Once again CarInsurance.com has put out its list of locations with the most expensive auto insurance. The list once more proves my contention that there is no logical or rational methodology to the way that companies price auto insurance.
“The average driver is not aware how much location impacts how much they pay for car insurance because there are many factors that go into setting your rate,” Carinsurance.com Managing Editor Michelle Megna told CBS News. “But a lot of car insurance companies use your ZIP code as a starting point when setting rates, looking at how many claims they get from that ZIP for theft, vandalism, accidents—and the cost of those claims.”
Megna leaves out a few of the biggest factors affecting auto insurance cost, including state laws, which seem to have the biggest impact. Yet simply living in certain zip codes can cost you more. If you don’t believe me take a look.
Where the Expensive Car Insurance Is
The most expensive car insurance in the country can be found in these zip codes:
- Detroit, Michigan, in ZIP code 48227. The average Detroit resident pays around $5,109 a year, or 130% over the statewide average of $2,226.
- Brooklyn, New York, in ZIP code 11226: $3,877 a year, or 151% more than the average resident of the Empire State, who paid around $1,542 a year to insure his or her wheels.
- Philadelphia, Pennsylvania, in ZIP code 19132: $2,760 a year, 128% more than the average Pennsylvanian’s annual premium of $1,210.
- Providence, Rhode Island, in ZIP code 02903: where the average resident paid $2,749 a year, or 38% more than the statewide average of $2,000 a year.
- New Orleans, Louisiana, in ZIP code 70117: where the average driver paid $2,542 a year, or 53% more than the average Louisianan, who paid a yearly premium of $1,657.
- Los Angeles, California, in ZIP code 90029 (West Hollywood): where the average person paid a yearly premium of $2,416, or 69% more than the average Californian, who paid $1,433 a year to insure a vehicle.
- Woodbridge, Connecticut, in ZIP code 06525: where the average person paid an annual premium of $2,291, or 50% more than the average Connecticut resident, who paid around $1,527 a year.
- Baltimore, Maryland, in ZIP code 21216: where residents paid around $2,256 a year to insure a car, or 79% more than the statewide average of $1,258 a year.
- Miami, Florida, in ZIP code 33142: the average Miami resident paid 60% more than the average inhabitant of the Sunshine state. Miami drivers pay an average auto-insurance premium of $2,248 a year; the average Floridian pays around $1,402 a year.
- Royalton, Kentucky, in ZIP code 41464: where the average person paid $2,104 a year to insure a vehicle, or 42% more than the average Kentucky resident, who paid around $1,484 a year for the same policy.
CarInsurance.com hired Quadrant Information Services to figure out what a 40-year-old man insuring a 2014 Honda Accord would pay in 33,410 zip codes nationwide. The man had good credit and a good driving record.
Why Some People Pay More
So what’s going on here? Is it high crime or greater urban density? No, as I’ve pointed out elsewhere, Detroit’s high costs are caused almost entirely caused by Michigan State Law. Residents of other large Midwestern cities, such as Cleveland, Chicago and St. Louis, that have high crime rates don’t pay such exorbitant insurance premiums.
The situation in Detroit is caused almost entirely by state law, which mandates insurers to cover accident victims’ medical expenses and offers such perks as lifetime medical care for victims. Michigan also has no-fault auto insurance, which keeps insurance companies from suing drivers that cause accidents. That means everybody pays for bad driving, including good drivers. Not coincidently, Philadelphia, which is located in another no-fault state, Pennsylvania, is also on the high-premium list.
Detroit residents get a double whammy because a lot of poor people cannot pay for insurance. They still drive, which means that responsible drivers end up paying for any damage they do.

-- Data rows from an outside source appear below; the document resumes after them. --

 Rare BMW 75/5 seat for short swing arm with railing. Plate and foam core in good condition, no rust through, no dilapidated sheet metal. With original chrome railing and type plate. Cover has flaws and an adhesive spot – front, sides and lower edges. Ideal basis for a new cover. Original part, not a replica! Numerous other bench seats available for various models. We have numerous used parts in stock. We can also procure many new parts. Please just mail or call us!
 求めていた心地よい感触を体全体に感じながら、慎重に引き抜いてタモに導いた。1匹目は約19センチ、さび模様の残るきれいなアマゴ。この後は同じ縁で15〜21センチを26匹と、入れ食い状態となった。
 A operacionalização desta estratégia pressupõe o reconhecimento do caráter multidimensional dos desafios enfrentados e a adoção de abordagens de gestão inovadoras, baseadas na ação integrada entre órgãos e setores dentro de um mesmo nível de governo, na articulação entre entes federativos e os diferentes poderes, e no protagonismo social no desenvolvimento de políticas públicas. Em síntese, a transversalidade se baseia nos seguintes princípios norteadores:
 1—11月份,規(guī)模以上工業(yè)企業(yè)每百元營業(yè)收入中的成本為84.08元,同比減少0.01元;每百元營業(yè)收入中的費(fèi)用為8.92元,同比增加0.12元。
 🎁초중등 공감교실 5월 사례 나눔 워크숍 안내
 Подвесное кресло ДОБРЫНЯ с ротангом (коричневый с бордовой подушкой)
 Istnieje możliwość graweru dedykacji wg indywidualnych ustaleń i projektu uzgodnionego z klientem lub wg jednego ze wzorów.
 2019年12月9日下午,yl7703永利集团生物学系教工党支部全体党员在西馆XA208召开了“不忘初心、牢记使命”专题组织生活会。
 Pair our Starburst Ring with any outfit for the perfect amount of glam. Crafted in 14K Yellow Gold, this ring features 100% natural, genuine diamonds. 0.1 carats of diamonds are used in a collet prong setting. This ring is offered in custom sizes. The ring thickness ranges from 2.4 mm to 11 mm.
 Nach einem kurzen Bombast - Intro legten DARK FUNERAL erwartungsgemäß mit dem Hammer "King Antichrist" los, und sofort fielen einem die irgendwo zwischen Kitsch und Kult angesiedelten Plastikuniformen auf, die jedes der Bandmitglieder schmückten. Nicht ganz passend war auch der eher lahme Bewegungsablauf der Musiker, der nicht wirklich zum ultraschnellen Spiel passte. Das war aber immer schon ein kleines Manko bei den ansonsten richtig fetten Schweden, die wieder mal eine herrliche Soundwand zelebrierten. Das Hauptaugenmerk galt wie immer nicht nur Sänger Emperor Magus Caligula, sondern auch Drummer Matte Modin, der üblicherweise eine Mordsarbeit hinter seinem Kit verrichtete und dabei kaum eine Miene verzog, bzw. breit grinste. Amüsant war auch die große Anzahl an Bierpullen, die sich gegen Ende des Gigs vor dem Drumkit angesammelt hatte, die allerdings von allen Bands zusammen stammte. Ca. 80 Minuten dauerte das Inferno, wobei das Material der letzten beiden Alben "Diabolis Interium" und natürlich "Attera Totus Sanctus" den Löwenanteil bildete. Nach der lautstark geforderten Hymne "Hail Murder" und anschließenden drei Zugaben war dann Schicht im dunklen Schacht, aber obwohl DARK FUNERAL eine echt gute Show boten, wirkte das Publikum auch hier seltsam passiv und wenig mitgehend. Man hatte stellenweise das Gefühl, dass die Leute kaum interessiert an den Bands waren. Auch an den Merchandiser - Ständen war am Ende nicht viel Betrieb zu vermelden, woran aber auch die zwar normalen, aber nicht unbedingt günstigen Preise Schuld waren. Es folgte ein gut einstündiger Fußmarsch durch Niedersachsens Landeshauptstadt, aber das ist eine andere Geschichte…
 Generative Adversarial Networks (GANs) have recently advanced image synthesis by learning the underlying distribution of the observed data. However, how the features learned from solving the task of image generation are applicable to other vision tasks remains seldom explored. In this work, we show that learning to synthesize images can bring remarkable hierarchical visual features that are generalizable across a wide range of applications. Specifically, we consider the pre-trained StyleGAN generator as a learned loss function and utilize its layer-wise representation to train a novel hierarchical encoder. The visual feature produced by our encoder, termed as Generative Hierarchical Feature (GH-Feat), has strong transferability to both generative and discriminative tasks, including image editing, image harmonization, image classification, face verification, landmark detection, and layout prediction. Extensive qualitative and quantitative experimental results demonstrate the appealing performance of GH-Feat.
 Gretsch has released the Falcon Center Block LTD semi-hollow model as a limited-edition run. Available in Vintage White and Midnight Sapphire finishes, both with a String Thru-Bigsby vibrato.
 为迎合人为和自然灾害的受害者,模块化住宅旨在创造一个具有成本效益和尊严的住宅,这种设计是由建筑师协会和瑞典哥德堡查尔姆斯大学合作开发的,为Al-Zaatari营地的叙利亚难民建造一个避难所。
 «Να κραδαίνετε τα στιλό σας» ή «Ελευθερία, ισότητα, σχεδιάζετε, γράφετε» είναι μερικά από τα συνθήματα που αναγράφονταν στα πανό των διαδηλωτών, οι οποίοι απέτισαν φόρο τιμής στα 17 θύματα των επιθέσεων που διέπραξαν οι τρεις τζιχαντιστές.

Some of the expensive places were also rather confusing. The Hartford Courant reported that not even Loretta Worters of the Insurance Institute could figure out why Woodbridge, a suburb of New Haven, had such high insurance rates.
There’s another reason for the high insurance rates that the big media will not mention: insurers actually have no good way of determining how safe a driver is. They have to use factors like credit scores and zip codes, which may have no bearing on driving.
That is changing thanks to telemetrics devices, which let insurers track movements and driving patterns. Next generation technologies such as Google’s and Mercedes’ self-driving cars might provide insurers with enough data to adequately measure driving and offer realistic insurance rates.
Until the new technology is widely adopted, you can ask your insurer for a telematics device. Or you can simply shop around for auto insurance and be willing to negotiate with insurers for a lower rate. The available data indicates that people who take such simple steps can save a fortune on insurance no matter where they live.